The position vectors of points \( P, Q, R \) are given as: \[ \vec{OP} = 7\mathbf{i} - 10\mathbf{j}, \quad \vec{OQ} = \mathbf{i} + 2\mathbf{j}, \quad \vec{OR} = 10\mathbf{j} - 3\mathbf{i}. \]
First, find vector \(\vec{PQ}\): \[ \vec{PQ} = \vec{OQ} - \vec{OP} = \begin{bmatrix} 1 \\ 2 \end{bmatrix} - \begin{bmatrix} 7 \\ -10 \end{bmatrix} = \begin{bmatrix} -6 \\ 12 \end{bmatrix}. \]
Next, find vector \(\vec{QR}\): \[ \vec{QR} = \vec{OR} - \vec{OQ} = \begin{bmatrix}-3 \\ 10\end{bmatrix} - \begin{bmatrix}1 \\ 2\end{bmatrix} = \begin{bmatrix}-4 \\ 8\end{bmatrix}. \]
Check if \(\vec{PQ}\) and \(\vec{QR}\) are scalar multiples: \[ \vec{PQ} = k \vec{QR}. \]
That is: \[ \begin{bmatrix} 6\\ 12 \end{bmatrix} =k \begin{bmatrix} -4\\ 8 \end{bmatrix} \] Comparing components: \[ -6 = -4k \quad \Rightarrow \quad k = \tfrac{3}{2}, \] \[ 12 = 8k \quad \Rightarrow \quad k = \tfrac{3}{2}. \]
Since both values of \(k\) are equal, \(\vec{PQ}\) is parallel to \(\vec{QR}\).
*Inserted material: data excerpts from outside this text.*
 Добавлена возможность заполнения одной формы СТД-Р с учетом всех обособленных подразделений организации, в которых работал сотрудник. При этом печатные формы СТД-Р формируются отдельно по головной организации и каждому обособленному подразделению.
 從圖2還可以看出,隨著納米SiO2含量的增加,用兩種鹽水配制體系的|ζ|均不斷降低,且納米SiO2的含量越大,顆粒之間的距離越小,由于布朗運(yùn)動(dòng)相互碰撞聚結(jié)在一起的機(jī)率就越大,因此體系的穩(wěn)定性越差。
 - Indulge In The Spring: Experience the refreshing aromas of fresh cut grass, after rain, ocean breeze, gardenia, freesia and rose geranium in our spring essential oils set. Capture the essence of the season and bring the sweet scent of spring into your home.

Thus, points \(P, Q, R\) are collinear.
The points with coordinates \((7, 10)\) and \((-3, 8)\) are the end points of a diameter of a cycle centre A. Determine the equation of the circle in the form \(x^2 + y^2 + ax + by + c = 0\) where \(a\), \(b\) and \(c\) are constants.
The centre \(A\) is the midpoint: \[ \text{Centre} = \left( \frac{x_1 + x_2}{2}, \frac{y_1 + y_2}{2} \right) = \left( \frac{7 + (-3)}{2}, \frac{10 + 8}{2} \right) = (2, 9). \]
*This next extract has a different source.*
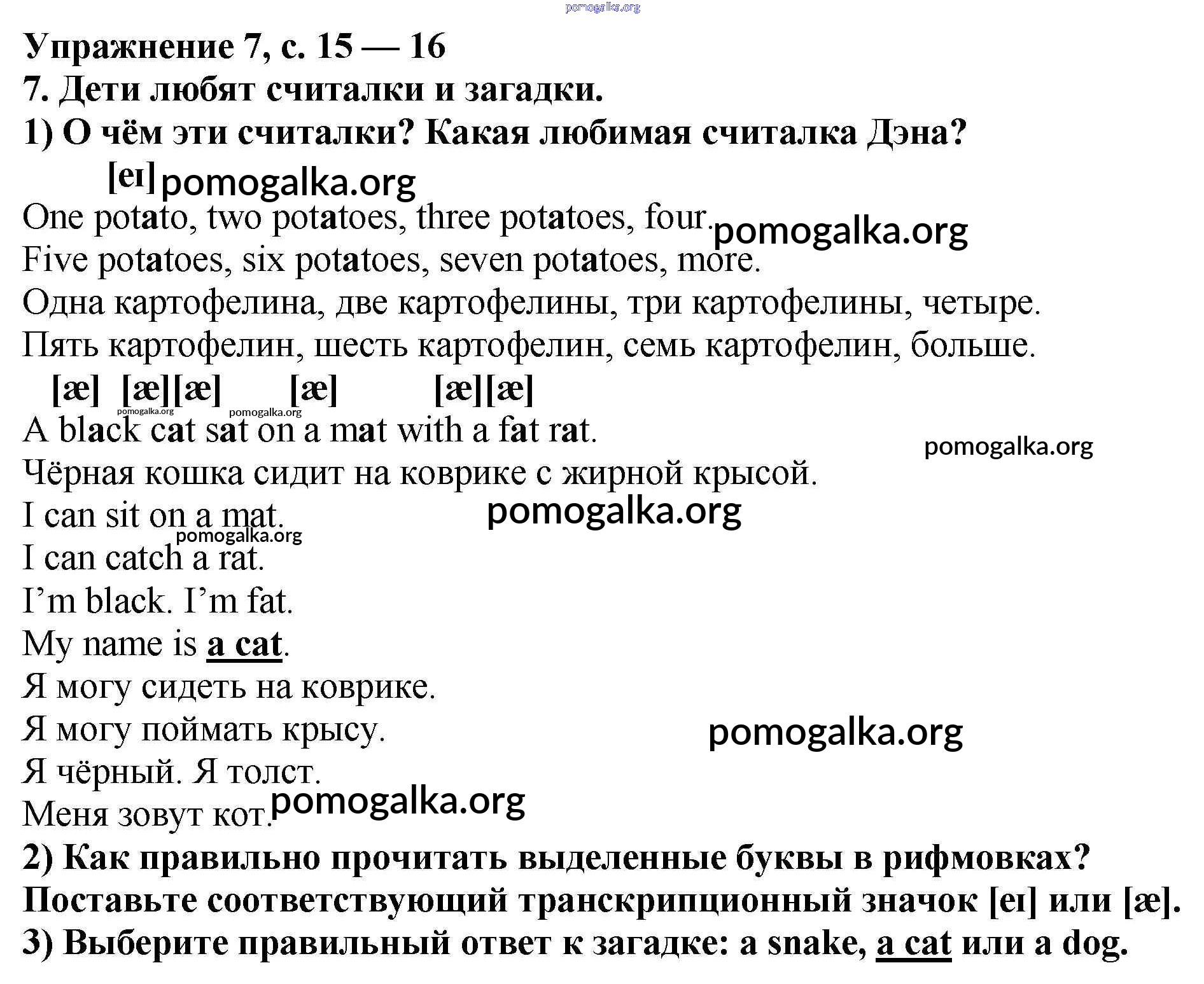 Готовые ответы - Английский 3 класс книга для чтения Кузовлев - unit 1 7

The radius is: \[ r^2 = (7 - 2)^2 + (10 - 9)^2 = 25 + 1 = 26. \]
Equation of the circle: \[ (x - a)^2 + (y - b)^2 = r^2 \] \[ (x - 2)^2 + (y - 9)^2 = 26. \]
Equation of the circle: \[ (x - 2)^2 + (y - 9)^2 = 26 \]
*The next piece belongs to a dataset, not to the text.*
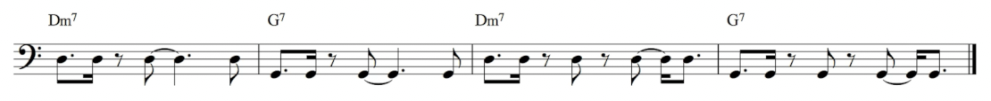 讓我們用一個很單純的設定的示範:Dm7 和 G7 兩個和弦來回切換。當你拿到這樣一個段落,需要幫它編一個 Bass 聲部,可以怎麼寫呢?這當然要看那首曲子的需求而定,不過我在這邊可以給你幾個簡單的思考方式。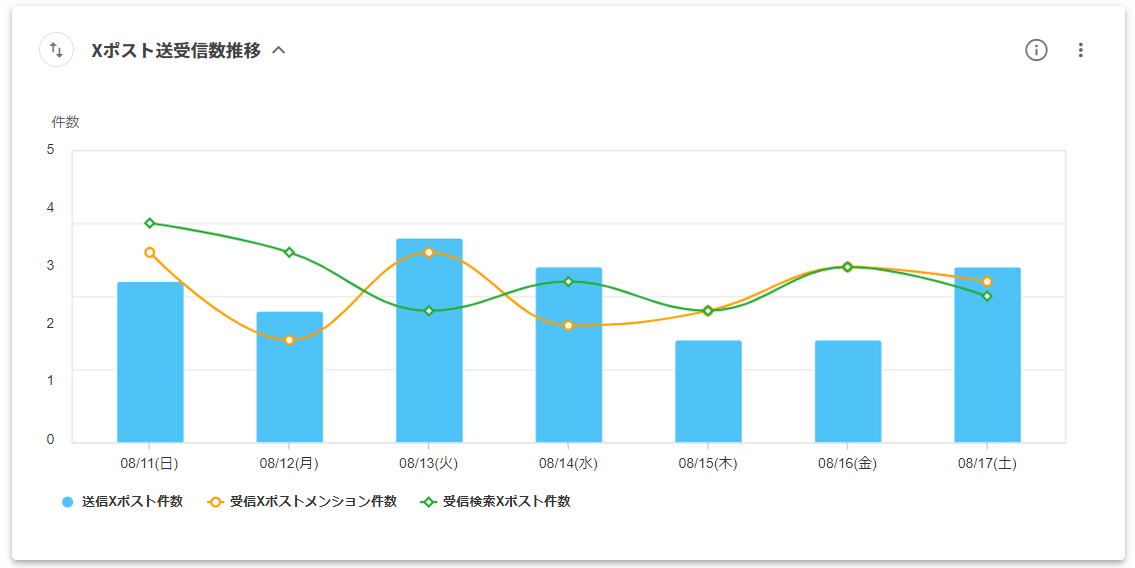 ・Xポスト送受信数推移算出条件下記メッセージにおいて全ての受信・送信メッセージを合計したものをグラフで表示します。

Expand: \[ (x^2 - 4x + 4) + (y^2 - 18y + 81) = 26 \]
Simplify: \[ x^2 + y^2 - 4x - 18y + 85 = 26 \]
\[ x^2 + y^2 - 4x - 18y + 59 = 0 \]
Therefore, the equation of the circle in the form \[ x^2 + y^2 + ax + by + c = 0 \] is \[ x^2 + y^2 - 4x - 18y + 59 = 0. \]